Czy to się nam podoba, czy nie, niebawem wszyscy w całej Europie będziemy płacili nową walutą, czyli euro. Na razie w skansenie starych walut pozostają takie kraje jak Polska czy Szwecja, ale to tylko kwestia czasu, kiedy euro opanuje cały kontynent europejski. Polacy chcieliby, aby stało się to jak najpóźniej.
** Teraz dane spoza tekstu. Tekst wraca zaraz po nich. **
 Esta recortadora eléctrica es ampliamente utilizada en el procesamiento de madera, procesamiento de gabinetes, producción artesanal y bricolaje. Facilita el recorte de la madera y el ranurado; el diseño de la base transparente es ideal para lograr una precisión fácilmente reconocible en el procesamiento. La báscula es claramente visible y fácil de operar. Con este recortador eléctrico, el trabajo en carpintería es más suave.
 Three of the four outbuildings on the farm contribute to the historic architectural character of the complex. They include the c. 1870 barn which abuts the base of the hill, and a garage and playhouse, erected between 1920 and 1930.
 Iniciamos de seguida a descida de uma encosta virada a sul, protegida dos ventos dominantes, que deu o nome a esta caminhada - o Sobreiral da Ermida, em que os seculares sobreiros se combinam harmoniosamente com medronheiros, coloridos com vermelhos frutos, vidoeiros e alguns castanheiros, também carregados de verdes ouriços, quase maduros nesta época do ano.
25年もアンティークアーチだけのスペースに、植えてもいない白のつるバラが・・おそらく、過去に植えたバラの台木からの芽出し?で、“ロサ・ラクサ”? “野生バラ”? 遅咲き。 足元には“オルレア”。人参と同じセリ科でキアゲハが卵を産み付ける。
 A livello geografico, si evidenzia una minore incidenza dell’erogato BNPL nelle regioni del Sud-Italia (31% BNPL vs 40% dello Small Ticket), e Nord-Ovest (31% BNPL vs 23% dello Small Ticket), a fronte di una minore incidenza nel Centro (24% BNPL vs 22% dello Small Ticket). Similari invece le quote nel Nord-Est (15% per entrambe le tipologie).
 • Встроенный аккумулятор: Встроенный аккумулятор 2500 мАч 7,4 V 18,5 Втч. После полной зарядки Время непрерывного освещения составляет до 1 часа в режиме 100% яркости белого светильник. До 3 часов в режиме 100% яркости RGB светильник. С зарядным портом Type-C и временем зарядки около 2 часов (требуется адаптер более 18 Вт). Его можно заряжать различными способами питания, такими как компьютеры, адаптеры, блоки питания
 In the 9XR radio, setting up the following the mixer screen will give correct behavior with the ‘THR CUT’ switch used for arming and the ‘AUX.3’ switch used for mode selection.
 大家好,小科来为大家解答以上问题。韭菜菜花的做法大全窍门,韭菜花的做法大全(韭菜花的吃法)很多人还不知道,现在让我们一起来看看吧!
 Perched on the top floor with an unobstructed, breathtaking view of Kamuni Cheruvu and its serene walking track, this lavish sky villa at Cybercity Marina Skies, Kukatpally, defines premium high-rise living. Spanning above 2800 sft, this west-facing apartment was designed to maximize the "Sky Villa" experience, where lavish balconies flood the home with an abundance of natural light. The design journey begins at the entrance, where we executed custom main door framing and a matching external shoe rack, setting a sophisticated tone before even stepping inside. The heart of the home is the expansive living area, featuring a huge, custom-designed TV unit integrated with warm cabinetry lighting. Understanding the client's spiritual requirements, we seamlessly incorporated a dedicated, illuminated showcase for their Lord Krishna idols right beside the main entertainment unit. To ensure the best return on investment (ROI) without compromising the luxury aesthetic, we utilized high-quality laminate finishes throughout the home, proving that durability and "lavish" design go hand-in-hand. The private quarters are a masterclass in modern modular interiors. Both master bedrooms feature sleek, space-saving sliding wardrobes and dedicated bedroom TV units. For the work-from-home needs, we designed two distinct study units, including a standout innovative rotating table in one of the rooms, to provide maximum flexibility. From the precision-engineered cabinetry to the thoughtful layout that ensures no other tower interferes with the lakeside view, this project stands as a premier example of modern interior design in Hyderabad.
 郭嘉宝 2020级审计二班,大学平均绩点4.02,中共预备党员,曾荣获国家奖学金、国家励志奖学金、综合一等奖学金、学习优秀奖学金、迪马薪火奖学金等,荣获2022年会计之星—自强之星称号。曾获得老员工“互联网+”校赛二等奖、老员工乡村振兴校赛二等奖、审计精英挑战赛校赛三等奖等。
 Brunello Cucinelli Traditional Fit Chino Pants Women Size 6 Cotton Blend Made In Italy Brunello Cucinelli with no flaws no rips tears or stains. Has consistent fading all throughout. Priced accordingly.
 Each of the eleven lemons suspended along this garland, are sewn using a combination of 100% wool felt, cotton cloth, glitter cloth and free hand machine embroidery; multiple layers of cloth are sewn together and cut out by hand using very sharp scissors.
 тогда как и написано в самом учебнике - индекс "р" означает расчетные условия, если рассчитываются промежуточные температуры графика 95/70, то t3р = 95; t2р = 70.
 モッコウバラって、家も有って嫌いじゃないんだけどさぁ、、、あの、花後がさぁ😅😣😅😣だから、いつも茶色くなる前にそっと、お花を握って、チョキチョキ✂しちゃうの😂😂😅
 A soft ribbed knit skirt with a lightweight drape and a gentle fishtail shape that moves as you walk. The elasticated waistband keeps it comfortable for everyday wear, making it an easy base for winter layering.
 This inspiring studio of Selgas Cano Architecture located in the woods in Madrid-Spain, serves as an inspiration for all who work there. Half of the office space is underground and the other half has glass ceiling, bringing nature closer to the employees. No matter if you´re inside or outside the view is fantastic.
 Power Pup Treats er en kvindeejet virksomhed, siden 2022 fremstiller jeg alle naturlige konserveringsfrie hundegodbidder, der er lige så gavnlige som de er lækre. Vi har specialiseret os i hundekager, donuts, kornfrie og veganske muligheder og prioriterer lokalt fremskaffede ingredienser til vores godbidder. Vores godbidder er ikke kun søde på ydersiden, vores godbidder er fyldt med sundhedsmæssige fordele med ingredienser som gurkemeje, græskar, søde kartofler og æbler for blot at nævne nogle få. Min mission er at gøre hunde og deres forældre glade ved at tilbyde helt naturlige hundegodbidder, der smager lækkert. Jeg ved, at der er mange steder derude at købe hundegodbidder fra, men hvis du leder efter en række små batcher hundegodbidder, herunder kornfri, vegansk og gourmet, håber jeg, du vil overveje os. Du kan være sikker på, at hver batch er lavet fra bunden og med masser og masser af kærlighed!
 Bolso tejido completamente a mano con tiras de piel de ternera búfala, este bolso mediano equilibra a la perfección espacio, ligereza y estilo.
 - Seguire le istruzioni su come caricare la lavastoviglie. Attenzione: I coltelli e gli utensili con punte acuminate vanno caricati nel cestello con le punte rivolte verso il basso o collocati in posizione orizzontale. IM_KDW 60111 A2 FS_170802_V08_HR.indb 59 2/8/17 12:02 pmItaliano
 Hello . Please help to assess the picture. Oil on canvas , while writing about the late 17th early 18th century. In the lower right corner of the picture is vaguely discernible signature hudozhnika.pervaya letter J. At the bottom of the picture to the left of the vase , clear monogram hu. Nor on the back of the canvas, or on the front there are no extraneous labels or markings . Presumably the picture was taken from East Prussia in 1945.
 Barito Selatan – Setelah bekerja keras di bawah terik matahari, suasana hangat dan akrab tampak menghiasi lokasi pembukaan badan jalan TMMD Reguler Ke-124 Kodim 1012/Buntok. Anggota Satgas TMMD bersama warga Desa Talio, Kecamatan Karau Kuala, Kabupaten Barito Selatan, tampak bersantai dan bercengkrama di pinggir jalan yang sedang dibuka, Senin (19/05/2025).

Płacić w euro? A może oszczędzać w euro teraz, kiedy taka inflacja? Czy euro to lepsza alternatywa?. Zależy dla kogo. Z jednej strony likwidacja walut narodowych ułatwia integrację europejską i to nie tylko w kwestiach ekonomicznych. Przepływ ludzi, myśli i usług stanie się o wiele łatwiejszy, kiedy wszyscy będziemy posługiwali się tą samą walutą. Konsekwencją wprowadzenia euro musi być też integracja systemów bankowych, co zniesie ostatnie bariery w transferze pieniędzy. Równocześnie zniesie też samodzielność banków narodowych – jeden z głównych atrybutów suwerenności państwa. A na to w dzisiejszej Polsce nie ma zgody!
Z drugiej strony przechodząc na euro zobaczymy różnice. I nie zawsze zaskoczy nas to pozytywnie. Zobaczymy np. ile zarabiamy miesięcznie w Polsce w porównaniu do innych krajów Unii. Będziemy wtedy chcieli zarabiać tyle samo, co inni i będziemy to wymuszać w taki czy inny sposób na swoim rządzie. Euro 500 plus? Dlatego niektóre rządy wolą na razie nie uświadamiać swoim społeczeństwom jak duże są te różnice. Jasne, że każdy potrafi to sam wyliczyć, ale przecież nie robi się tego powszechnie. Wysoka pensja w szwedzkich koronach, wydaje się być wysoka dlatego, że tak dużo tych koron. W euro byłoby znacznie mniej, choć przecież tyle samo. Czy aby na pewno? Bo niby w Szwecji czy w Polsce tyle samo, ale będziemy płacić za wszystko o wiele drożej, nie zawsze zdając sobie z tego sprawę.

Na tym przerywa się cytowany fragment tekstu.